When Abort happened I connected Xilinx debugger via jtag and look at cpu backtrace.
OK, but we are already in grub here and such a trace (in U-Boot) doesn't make sense. Right?
Correct grub already started. But I expect it is still using U-Boot drivers and all exception handlers are still in place from u-boot.

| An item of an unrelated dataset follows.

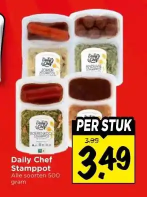 Vomar Voordeelmarkt biedt naast de Daily Chef Stamppot een ruime collectie producten aan. Houd de wekelijkse Vomar Voordeelmarkt folder in de gaten om de beste aanbiedingen en acties te vinden. Naast Daily Chef Stamppot, kunt u ook de volgende aanbiedingen vinden: Daily Chef stamppot, Daily Chef stamppot & Daily Chef stamppot.

Yeah, but what I didn't understand was:
!"Synchronous Abort" handler, esr 0x02000000 !elr: ffffffffa816c5b0 lr : 000000000805e218 (reloc) !elr: 00000000200005b0 lr : 000000007fef2218 (snip) !Code: 000165fa 0b2d05de 0000ffff 00000000 (20000590) !UEFI image [0x0000000077d48000:0x0000000077de5fff] '/efi\boot\bootaa64.efi'
"Code:" at the exception doesn't seem to be sane assembler, and "elr" is not within the code of neither U-Boot nor shim/grub(bootaa64.efi). ("esr" doesn't tell us anything.) So I wondered where the backtrace came from.
BTW, can you please confirm which function sits at the address of "lr" (=0x7fe2218)?
I don't have that images anymore.
Maybe it is just sata/scsi related issue in EFI but weird is that when disks are scan just before command everything is working fine.
What do you mean by "when disks are scanned just before the command"? The case when you ran "run bootcmd_scsi" without "printenv -e"?
Do you reproduce the problem even if you revert the patch, "xilinx: zynqmp: Initialize usb and scsi via preboot", and run the commands, "run scsi_init; [printenv -e;] run bootcmd_scsi?
Can you also try other EFI commands, like "efidebug devices"?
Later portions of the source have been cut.